> Work task
Below are records with pictures in them. Output exactly the lines from the one with "Motorcycle Dry Bag" through the one with "Super hot and", both included, and leave every picture out; give only those lines.
◇ ◇ ◇ ◇ ◇
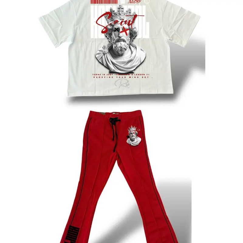 Kings Only Kontrol Khaos Joggers - Red Sweatpants with Black Piping and White T-Shirt with Crown Design
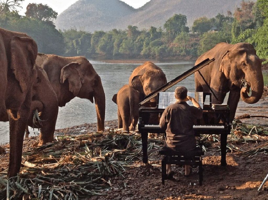 象群祥和反應。眾護工嘖嘖稱奇。皆因牠們過去因搬運木材,或被樹枝刺盲、或被主人砍牙及拋棄,長年情緒躁動、體能欠佳,罕見與人親近。這觸發園方跟 Paul 和 Khwan 合作至今,前者為象群演奏巴哈、貝多芬及莫札特等古典樂,後者製作雕塑,以藝術陪伴曾苦盡甘來的可愛生物安享晚年。
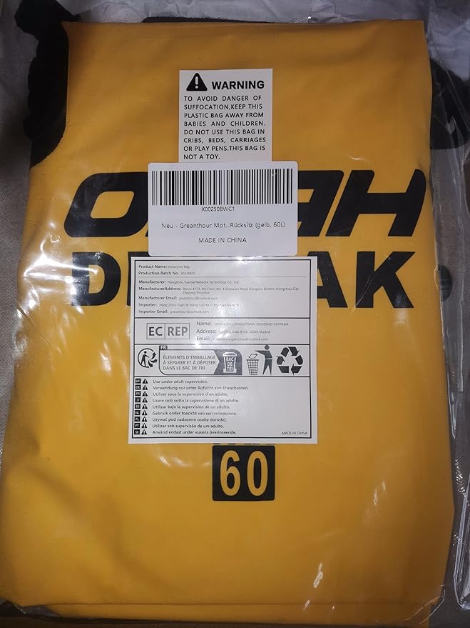 Motorcycle Dry Bag - Waterproof Motorcycle Duffle & Luggage Tail Bag Saddle Bags with Roll Top Closure, Large Storage Space,for Motorcycle Back Seat(Yellow, 60L)
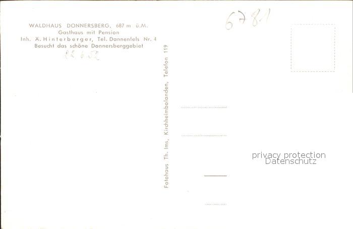 41586309 Dannenfels Waldhaus Donnersberg Gasthaus Pension postalisch nicht gelaufen Erhaltung siehe scans Alte Ansichtskarte Postkarte hz_F Katcode 11110007333013
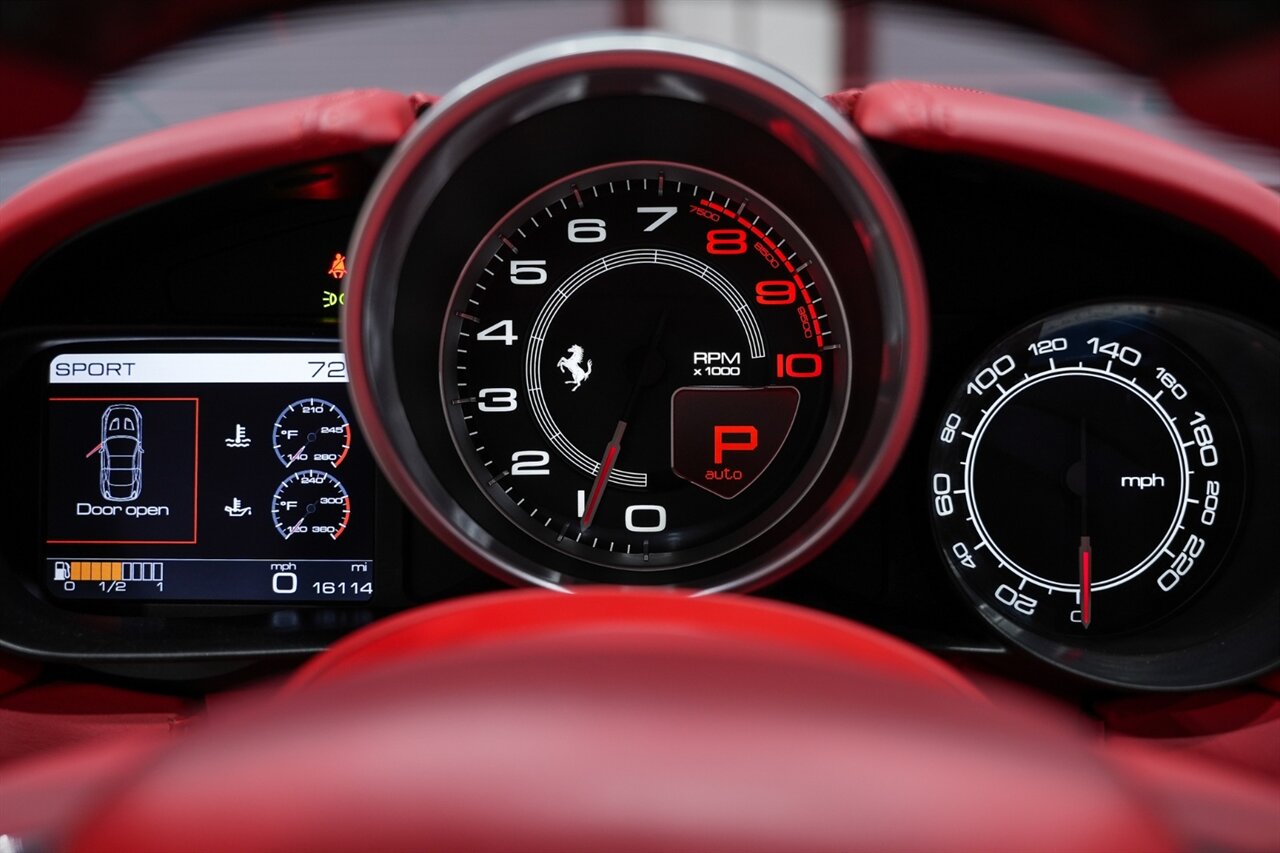 Super hot and rare interior, Rosso Ferrari with DAYTONA STYLE Full Electric seats, Carbon Steering Wheel w/ LEDS, Scuderia Shields, Front & Rear Parking Sensors, Satellite Radio, Colored Seat piping, Cruise Control, and much more!
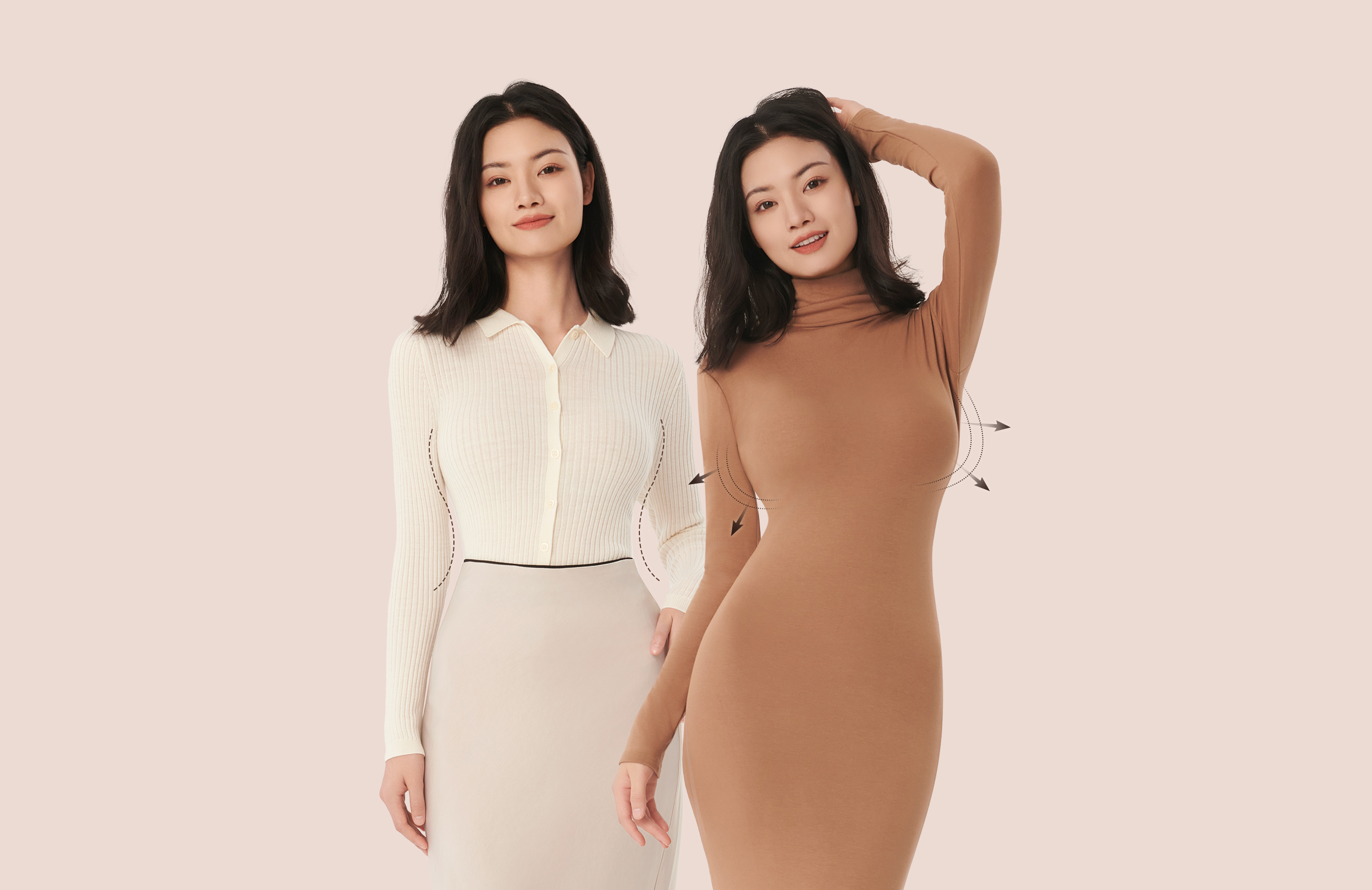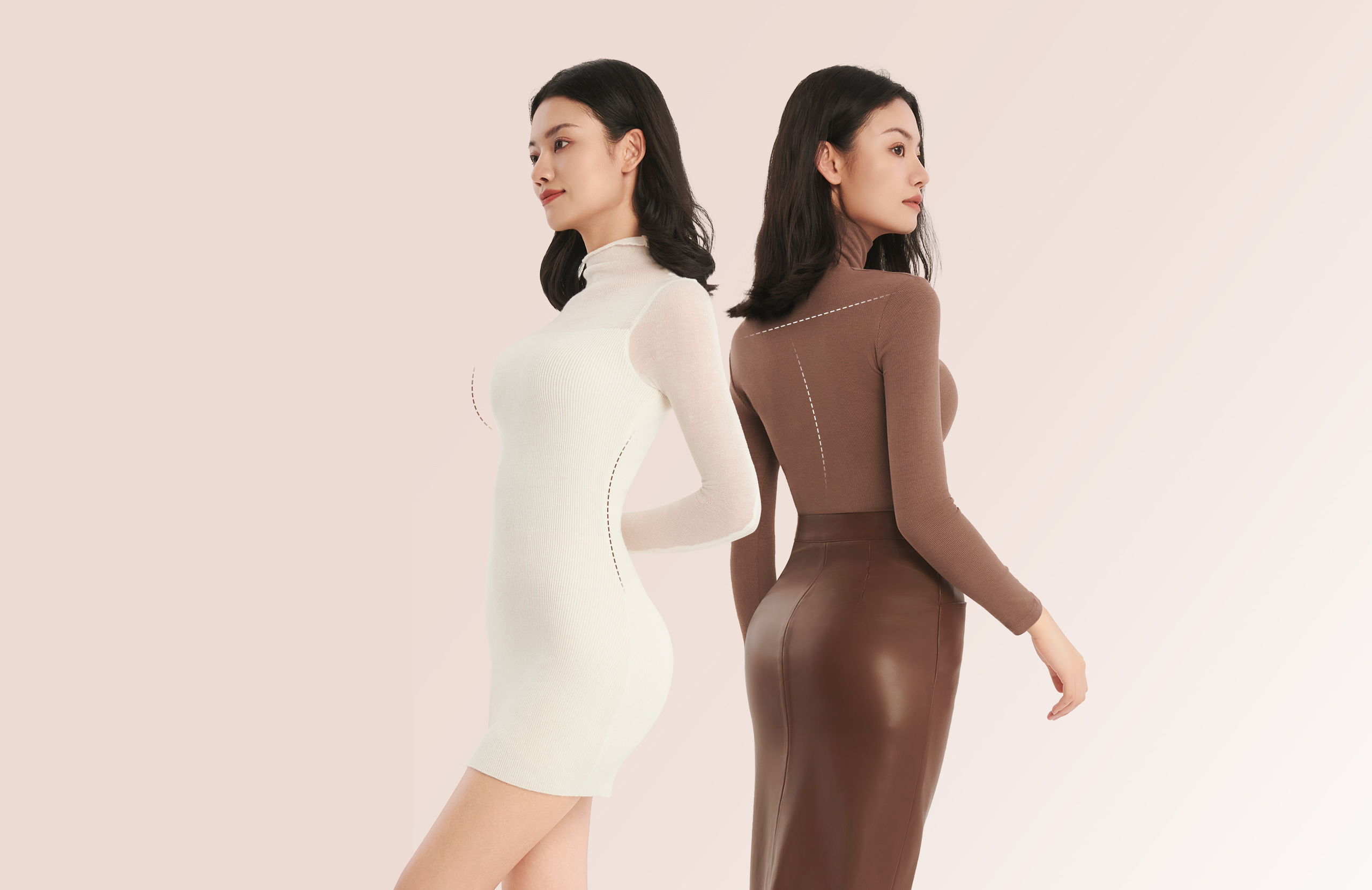 The seamless adhesive bonding and jelly-like soft support technology ensure that the undergarment provides both even support and comfortable breathability. The overall enveloping adhesive design features over 30,000 seamless bonding points, enhancing the stability of the undergarment while maintaining excellent resilience and preventing deformation, as well as minimizing bulges and sagging. The W-shaped jelly strips replace traditional underwire, ensuring effective support without adding pressure. The adjustable five-stage front closure design caters to individual preferences. The back features a one-piece vest structure, combining a 150g four-way stretch spandex fabric with perforated material to enhance breathability and avoid indentations, creating a seamless shaping effect.
◇ ◇ ◇ ◇ ◇
> Worked solution
 Motorcycle Dry Bag - Waterproof Motorcycle Duffle & Luggage Tail Bag Saddle Bags with Roll Top Closure, Large Storage Space,for Motorcycle Back Seat(Yellow, 60L)
 41586309 Dannenfels Waldhaus Donnersberg Gasthaus Pension postalisch nicht gelaufen Erhaltung siehe scans Alte Ansichtskarte Postkarte hz_F Katcode 11110007333013
 Super hot and rare interior, Rosso Ferrari with DAYTONA STYLE Full Electric seats, Carbon Steering Wheel w/ LEDS, Scuderia Shields, Front & Rear Parking Sensors, Satellite Radio, Colored Seat piping, Cruise Control, and much more!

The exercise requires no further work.